Scott County supervisors paused consideration of a proposed custodial contract with an outside vendor after staff and supervisors said they needed more information about staffing levels, collective-bargaining obligations and alternatives.
The pause matters because county custodial work is currently performed by county employees under a collective-bargaining arrangement. County staff told the board that short staffing has degraded building cleaning schedules and prompted a review of options to maintain services while meeting strategic goals and possible state property-tax changes.

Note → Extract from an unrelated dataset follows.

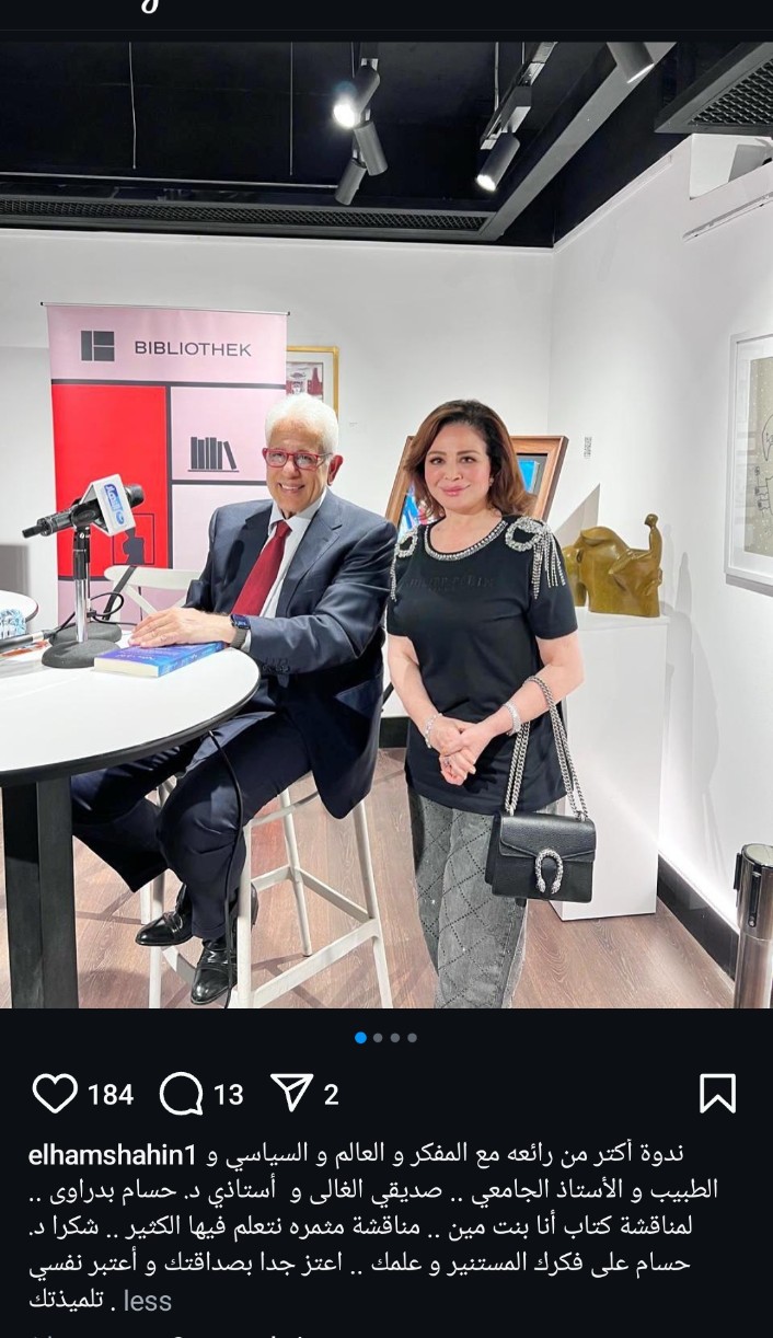 ونشر الفنان إلهام شاهين على صفحتها الرسمية على موقع التواصل الاجتماعي لتبادل الصور والفيديوهات الانستجرام: 'ندوة أكثر من رائعه مع المفكر و العالم والسياسي والطبيب و طالأستاذ الجامعي .. صديقي الغالى و أستاذي د. حسام بدراوى لمناقشة كتاب أنا بنت مين .. مناقشة مثمره نتعلم فيها الكثير .. شكرا .. حسام على فكرك المستنير و علمك .. اعتز جدا بصداقتك وأعتبر نفسي تلميذتك".

At the meeting, county staff member Mahesh said the FBG facility services contract “is not going to be on the agenda for Thursday's meeting” and that staff would return later with more information. William Trish, a county employee who spoke during public comment, asked supervisors to consider the effect on existing staff and noted the union contract. “Our contract is good until 2028,” Trish said, adding, “it is kind of wrong to tell someone in 2020 that you're essential, and now 5 years later, you need to leave.”
Facilities staff described persistent vacancies that have left custodial operations short-staffed for months. Tammy, a county staff member overseeing custodial operations, told the board the department has 10 funded positions across locations, is “currently down 4” and has an average staff tenure of about three years. To cope with staffing limits, custodial crews moved to alternating schedules (Monday/Wednesday/Friday and Tuesday/Thursday) so restroom cleaning continues daily while some office-area cleaning is reduced.
Staff said attempts to recruit have included posting through the county applicant tracking system (governmentjobs.com and scraped to other job boards). Tammy told the board the most recent vacancies occurred quickly and that postings were paused while staff evaluate outsourcing and other options. Supervisors discussed hybrid models, the possibility that partner agencies (waste commission, SECC) would follow county direction, and the trade-offs of carrying additional county staff versus outsourcing.
The board did not take a formal vote. Instead, supervisors directed staff to pause the procurement process and return with additional analysis on staffing, contractual constraints and options for maintaining building cleanliness.
The board’s discussion distinguished between ongoing operational shortfalls, direction to pause the procurement, and potential future formal action when staff return with more information. No contract was awarded or canceled at the July 1 meeting.